Friday, May. 03, 1968

Mystery of the Missing Mass

In their mind-stretching efforts to explain the universe, cosmologists have been troubled by a glaring inconsistency: the universe behaves as if it is much more massive than it appears.

The total mass of the galaxies, which contain all the stars and thus most of the known matter in the universe, is far too small to account for the declining rate at which the universe is expanding. The missing mass may now have been discovered. A Naval Research Laboratory scientist has found evidence that it exists in the form of a hot gas that fills the void between galaxies.

Astrophysicist Richard Henry and his NRL associates crammed X-ray detectors into the nose of an Aerobee rock et last September and fired it high above the atmosphere, which absorbs X rays before they reach the earth. Telemetry from one detector designed to spot "soft" or low-energy X rays emanating from intergalactic space showed unexpectedly high readings. What-- in apparently empty space -- was producing this radiation?

Decelerating Bang. Recalling an ear lier suggestion that soft X rays would be given off by hot, thinly dispersed hydrogen gas, the NRL scientists turned to their computers. To produce the detected radiation, they calculated, the temperature of the gas would have to be 1,400,000DEG F. and its density only one atom of hydrogen in every 3.5 cu. ft. of space. But even at this low density, says Astrophysicist Henry, the hydrogen gas would constitute 100 times as much matter as there is in all of the galaxies combined and thus solve the mystery of the universe's missing mass.

The NRL finding has profound implications for cosmologists, most of whom now believe that the universe began about 10 billion years ago with the explosion of a primordial clump of densely packed matter. The fragments of the original "big bang" have been expanding outward ever since, but at a rate that is steadily decelerating be cause of gravitational pull of each particle of matter on all the others. If the total mass of the universe is less than a certain value, cosmologists say, gravitational pull will never fully overcome the momentum imparted by the big bang; the universe will then continue to expand forever. But if the universal mass is large enough, the outrushing galaxies will eventually be slowed to a stop and then will begin falling back together again.

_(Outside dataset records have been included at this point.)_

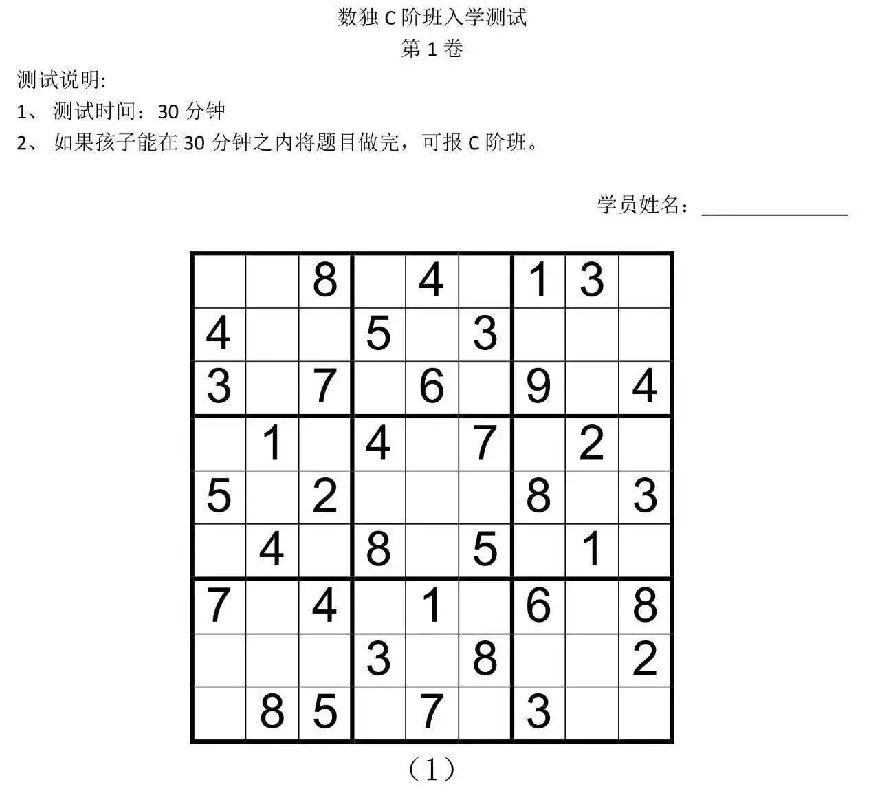 小学一二年级的数独测试题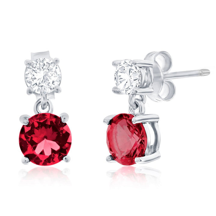 Sterling Silver Round CZ Dangle Earrings (Green, Blue, Or Red)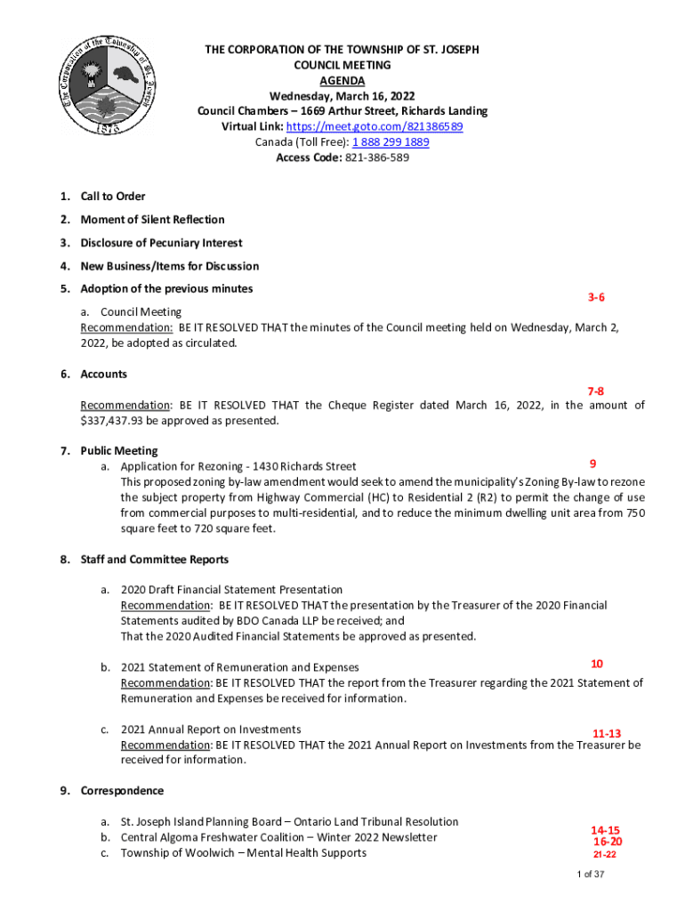THE CORPORATION OF THE TOWNSHIP OF ST. JOSEPH COUNCIL MEETING AGENDA Wednesday, March 16, 2022, Council Chambers 1669 Arthur Street, Richards Landing Virtual Link: https://meet.goto.com/821386589

Cataclysmic Collision. To determine the actual deceleration rate of universal expansion, Allan Sandage, of the Mt. Wilson and Palomar observatories, and other astronomers have been plotting graphs of the brightness of both nearby and distant galaxies versus their red shift.* From the resulting curves, they have approximated the deceleration of the galaxies as they recede from the earth. If his data is correct, says Sandage, galaxies have been racing away from each other for 10 billion years or so, but are slowing down rapidly enough to bring them to a halt in another 30 billion years. From that time, it will take another 40 billion years for the galaxies to fall back again in a cataclysmic collision.

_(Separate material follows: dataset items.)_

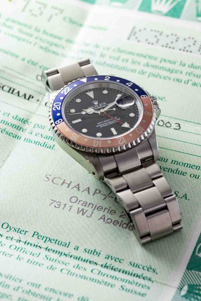 The star of the show here is that faded bezel. While the blue is still quite strong, the red half has faded to a beautiful light red. This is how we love to see a GMT bezel! But also, hold your horses….original box and papers.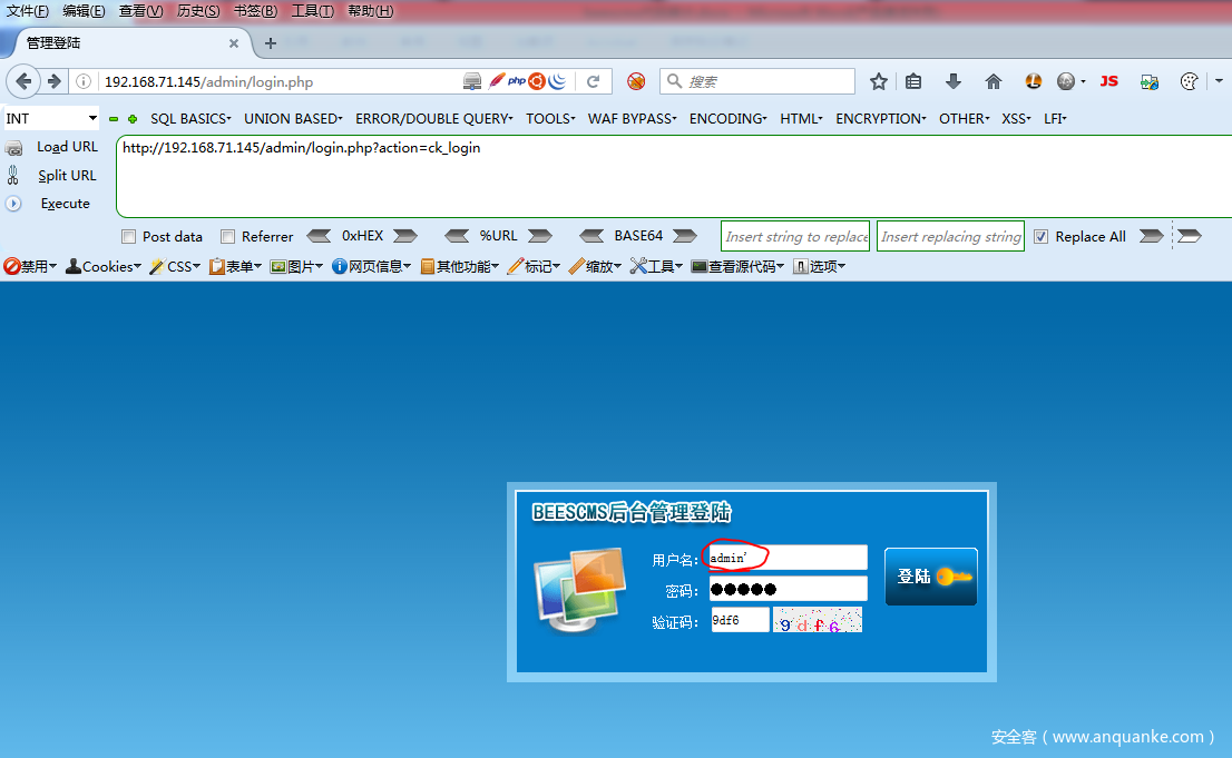 在后台登陆用户名处加个’测试一下SQL注入: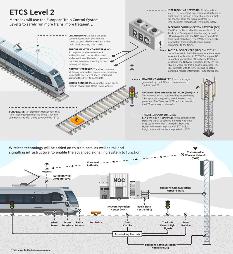 ETCS Level 2, which Metrolinx calls “Enhanced Train Control” (ETC) is an overlay CBTC (communications-based train control) system that communicates train speed, location and movements across a rail network. It calculates and exchanges information in real-time between onboard equipment and wayside infrastructure through wireless Long-Term Evolution (LTE) radio technology. The wayside equipment acts as a centralized control system to monitor and manage rail traffic. Continuous wayside-to-train radio communication “ensures safe and efficient train operation, allowing the advanced signaling system to deliver safe, fast, frequent, and high-capacity train service,” said Metrolinx Vice President Technical Systems Integration Jonita Delaney. “Enhanced Train Control is the future of railway signallng systems, enabling operators to safely increase capacity and decrease journey times. “Metrolinx has selected ETCS L2 based on its suitability to operating model and the safety benefits it will bring to passengers, railway workers and level crossings.”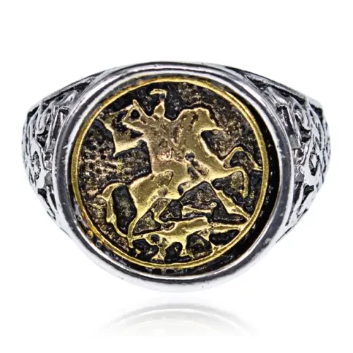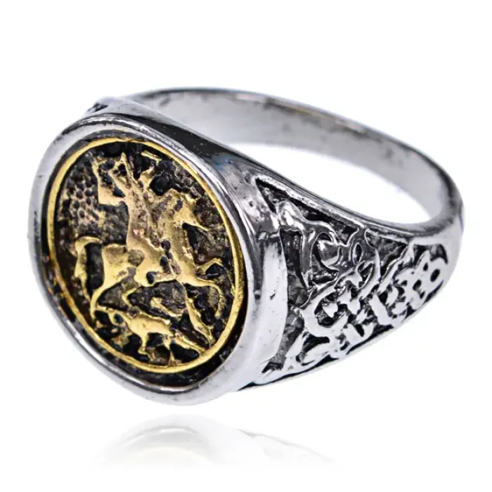 Кольцо с образом Георгия Победоносца. Изготовлено из бижутерного сплава с двухцветным покрытием.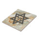 Die rustikale Keramik-Kachel hat einen Stern von David mit dem hebräischen Wort "chai", was "life" bedeutet. Die Metal-, Gold- und Marmorsteineffekte werden digital erstellt. Der atemberaubende Untersetzer oder Trivet fügt eine elegante Touch als dekoratives Display in jedem Raum hinzu.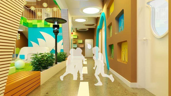 前臺的設(shè)計(jì):當(dāng)家長帶著孩子來到此地的時(shí)候,進(jìn)入空間第一眼看到的就是綠油油的自然景觀,這是設(shè)計(jì)師繼承了戶外的設(shè)計(jì)特色,自然地向內(nèi)延伸,讓人不會感到突兀,設(shè)計(jì)師的想法就是讓孩子進(jìn)門就看到一個(gè)五顏六色的世界,滿足孩子濃重的好奇心,讓孩子一眼就喜歡上這里。

Long before they heard about the NRL X-ray findings, Sandage and other astronomers had tentatively calculated the total amount of matter in the universe necessary to produce the deceleration they had observed: an average of one gram of matter in every 100 octillion (100 followed by 27 zeroes) cu. cm. This week they are more certain of their figure. It is the equivalent of one hydrogen atom in every 3.5 cu. ft. of space--the density of the hot gas that NRL scientists believe makes up the universe's missing mass.

* The shift in the frequency of light toward the red end of the spectrum, an indication of both the recessional speed and the distance of the galaxy.